The QC gear box dates it the early 1920’s, maybe a bit earlier. I think that  style gear box stuck around until the 1930’s on some machines.   Look for an inspection plate on the end of thegesr cover mounted on the headstock - if the plate is still attached, it will tell you the swing, length and which catalog number that SB originally listed it for sale.  Might be a SN on the tail end somewhere, but the catalog number will be the defining criteria for determining age (SB had several different numbering schemes over the years, but only one sequential catalog number series).

Don’t let anyone tell you this is a boat anchor just because of its age.  My SB 9 x 48 was made in 1924 and it still has original scrape marks along the bed and crosss slide. It’s still as tight and solid as the day it was sold. These old barn finds are still around- and some are in excellent condition.
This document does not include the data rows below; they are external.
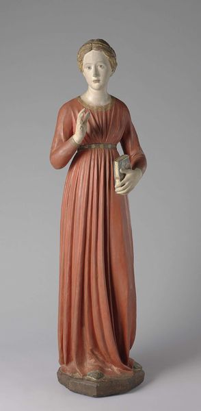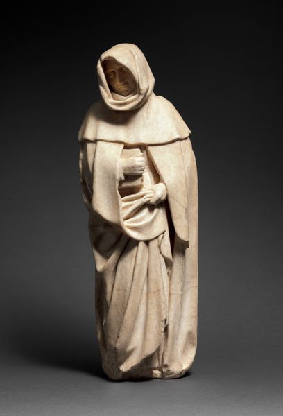 Editor: Here we have "The Annunciation," a wooden sculpture by Francesco di Valdambrino, dating back to about 1423. I am immediately drawn to the simple elegance of the figure, its creamy white surface almost luminous. What can you tell us about this piece? Curator: Well, focusing on materiality, it's crucial to remember that wood, particularly in the early Renaissance, wasn't just a neutral support. Its very nature influenced the sculpture's reception and use. Think about the labor involved in felling the tree, preparing the wood, and then meticulously carving it. What social class would have purchased this and why wood? Editor: I imagine that wood was readily available. Did its connection to craft rather than marble impact its perceived value compared to other mediums? Curator: Precisely. Wood invited a different engagement than more 'noble' materials. It allowed for a more widespread, yet also localized, production. Consider the surface treatment. The white paint isn’t just decorative. It signifies an intention, a visual experience created through layering of materials to convey its narrative. Can you imagine its purpose in that chapel? Editor: You mean it would allow the sculpture to be seen easier even in low light? I’ve never thought about it that way. I’d also guess the gold patterns imitate much more expensive woven patterns for visual enhancement? Curator: Exactly. How the labor is concealed and the way value is signified is crucial. How the artist or workshop used material to create meaning speaks volumes about art production and the marketplace then. Editor: So, the materials and their handling reveal not just the artist's skill, but also the broader economic and social context in which this "Annunciation" was created and viewed. Fascinating!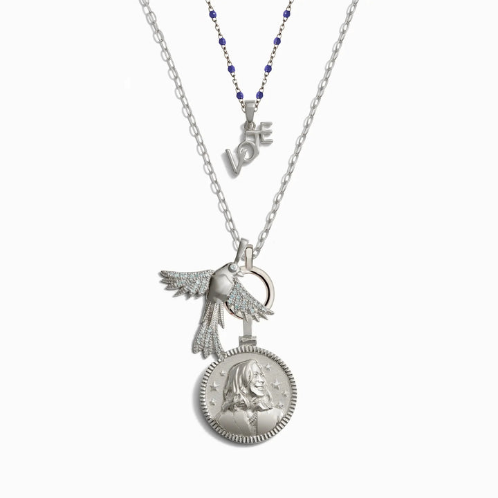 Reach New Heights Necklace Set: Take flight with this exclusive set featuring the Kamala Harris pendant and a suffragist Bluebird with blue topaz wings. A symbol of the fight for women’s rights, the Bluebird represents women’s voices being heard.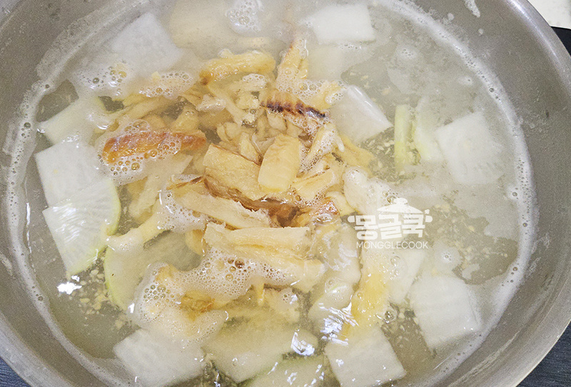 건져둔 황태채를 넣어 국물에 자연스럽게 풀어지도록 5분간 끓여주세요.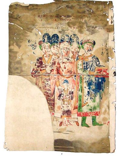 | Keywords: Drevnosti RG v4 ill002.jpg ru Д евности Российского госуда ства Antiquities of Russian country 1846 1853 Том 4 Иллюст ато ru Солнцев Фёдо Г иго ьевич Снимок с заглавного листа ха атейного «Избо ника» 1073 г изоб ажающий великого князя Святослава Я ославича и его семейство Этот д евнейший памятник усской миниатю ной живописи п ежде служил заглавным листом ха атейного «Избо ника» списанного в 1073 г по повелению великого князя Святослава Я ославича дьяком Иоанном В 1817 г он найден был в Воск есенском ово-Ие усалимском монасты е К Ф Калайдовичем Отделенный от укописи он тепе ь х анится в московской О ужейной палате а самый «Избо ник» в Пат иа шей библиотеке Такими миниатю ами изд евле ук ашались ха атейные укописи в Г еции Болга ии Се бии и России; не едко самые пе еписчики бывали вместе и живописцами Сколько д агоценно сие п оизведение миниатю ной живописи по своей 777-летней д евности столько любопытно по изоб аженным на нем исто ическим лицам по их костюмам и надписям; следственно оно важно по своему отношению к усской живописи исто ии а хеологии и палеог афии П едставленное здесь изоб ажение подобно д угим находящимся в упомянутой этой укописи писано металлическими к асками на тонком белом пе гаменте коего часть ото вана на левой сто оне и подклеена пе гаментом Хотя от в емени несколько и сте лись к аски но оче ки лица еще довольно сох анились так что можно восстановить их в пе вобытном виде к оме одного лица сове шенно почти изглаженного Рисунок п едставляет нам семейство великого князя Святослава Я ославича внука Владими а I Здесь мы видим великого князя его княгиню Оду у ожденную г афиню Штадскую детей его Глеба Олега Давида Романа и Я ослава Все фигу ы почти одного оста высотой в 6 1/2 голов к оме меньшего сына Святославова Я ослава еще младенца у кото ого п авая ука положена на г удь а левая поднята вве х По сто онам Святослава и Глеба изоб ажены два зве я с поднятыми ушами и к ыльями похожие на д аконов Шесть фигу ясно видны седьмая едва заметна В лицах нет того единооб азия какое по большей части вст ечается на иконах У Святослава и его суп уги у Глеба и Я ослава лица к углые; у пе вого глаза подняты кве ху по-видимому в молитвенном положении коему соответствуют и наче танные слова из псалма; п очие смот ят п ямо или потупив взо У Романа и Глеба лица п одолговатые о все они изоб ажены п ямолично и живописец как заметно пытался каждому из них дать особенную ха акте истику и внешнюю поставу Из этого можно заключить что эти изоб ажения не идеальные но по т етные Замечательно что волосы у Святослава на голове ост ижены высоко по-но маннски Святослав и Роман с усами но без бо оды это не служит ли доказательством что в д евности подобно ге манцам усские б или бо оду и оставляли только усы 1 П име ы тому найдем в отечественных летописях Одежда на них п едставляет смесь усского с византийским а Святославе низменная полук углая шапка с наушинами или заломом и меховой опушкой; на молодых князьях шапки высокие также с наушинами наподобие тата ских Эти шапки не то же ли что клобуки какие на2шивали великие и удельные князья даже в це кви а Святославе Глебе и Я ославе од кафтанов немного ниже колен Это должны быть упот ебительные тогда фофудьи одежда известная у г еков под именем цпцпэдпфпт т е «носимый с поясом кафтан» О них упоминает есто великий князь Владими «повеле метати наволок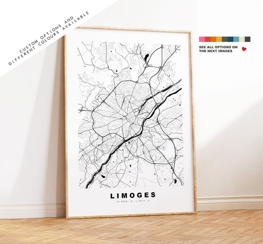 Limoges Map Print - City Map Poster - Map Wall Art - France City Maps - Limoges Print - Limoges Poster - Minimalist City Map - France
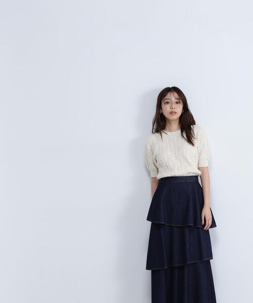 <お出かけ・デイリーにおすすめ>カジュアルかつフェミニンなディテールのティアードスカート。アシンメトリーな切り替えを入れたフレアが華やかな印象に見せてくれます。ボリューム感があるシルエットなので、肌見せニットやコンパクトなニットトップスと合わせるのがおすすめです。<素材>落ち感のある中肉のデニム素材を使用。<詳細>仕様・左ファスナー裏地・なし透け感・ややあり / 光沢・なし / 伸縮性・なし生地の厚さ・普通デニム製品は摩擦により色移りする可能性がございます。白や淡色系衣料品や雑貨などご着用の際は十分にご注意ください。※モデルの着用画像の場合、光の当たり具合により、実際の色味と異なって見えることがございます。色味は、商品単体の画像をご参照ください。※ウエスト切り替え位置下から裾までのスカート丈は86cmになります【ZOZOでのお買い物をもっと楽しむために!】■ブランド・ショップのお気に入り登録・いち早く新作アイテムや限定クーポンなどのお得な情報を受け取ることができます!■商品のお気に入り登録・完売商品の再入荷通知や、残り1点の通知、各種セール通知も受け取ることができ、よりお得にお買い物頂けるチャンスがあります!

Yet Many are clapped out, certainly. So when you go look, do a T/I for wear on the bed and under the tailstock.  And try to pin down what the owner knows about it’s history.  If it’s been in the family, sitting under a tarp in the garage for 80 years, might be a very nice machine!

Glenn


----------



## Cgantner5150 (Jan 9, 2018)

My 1918 South Bend makes parts good enough for me. It’s a 13 x 7ft, but no QCGB (I do have all the change gears). The apron controls are the same but the 4 attachment points on top are a little different (those seem heavier duty).
Mine does not have that cool drive unit on top. It has a previous owner made unit with the cone pulley and leather belt.
The only identifier mine has is the serial number on the far right side. Also have the thick cast brass tags but no id numbers on them.
I paid $300 for mine, but needed a lot of love aesthetically.


----------



## Glenn Brooks (Jan 9, 2018)

Pictures, man, Pictures.  Them’s the rules! Pictures or it didn’t happen. 

I’ve seen that interesting drive unit before also, but can’t remember in what context.  I know my 1924 SB catalog shows these lathes still with overhead head belt systems.  In many parts of America, electrification had not yet happened during the ‘20’s, particularity the rural areas, so SB, indeed most other machinery vendors, still offered belt systems as well as various electric motor drive options.  Maybe the overhead motor mount is in the catalog.  I’ll have to dig it out and look...

Glenn


----------



## Glenn Brooks (Jan 9, 2018)

__


----------



## Moper361 (Jan 9, 2018)

The Japanese made a lathe back in the day that looks very similar to that.


----------



## RJSakowski (Jan 9, 2018)

Judging by the concrete blocks on the background, it appears to be an  "x" X 48" with around 80" OAL.


----------



## 4GSR (Jan 9, 2018)

4ssss said:


> Boat anchor.


Come on guys, be nice now!!!!


----------



## 4GSR (Jan 9, 2018)

Glenn has it close on age.  I would say mid to late 1920's.  Look at the half nut lever on the apron, that's almost a dead giveaway along with the QCGB.  Doesn't look that bad.  It don't look molested, yet.


----------



## T Bredehoft (Jan 9, 2018)

chiroone said:


> the owner and he knows virtually nothing about it.



He may not know about the box of Aloris type tool  holders hidden in the tool chest to the left. Make  sure you get them, too. Look for the rest of the taper attachment, too.


----------



## Cgantner5150 (Jan 11, 2018)

Let’s see if you can get some photos attached.


----------



## Glenn Brooks (Jan 11, 2018)

Cgantnor5150,

Nice looking lathe. The original legs are a rarity these days.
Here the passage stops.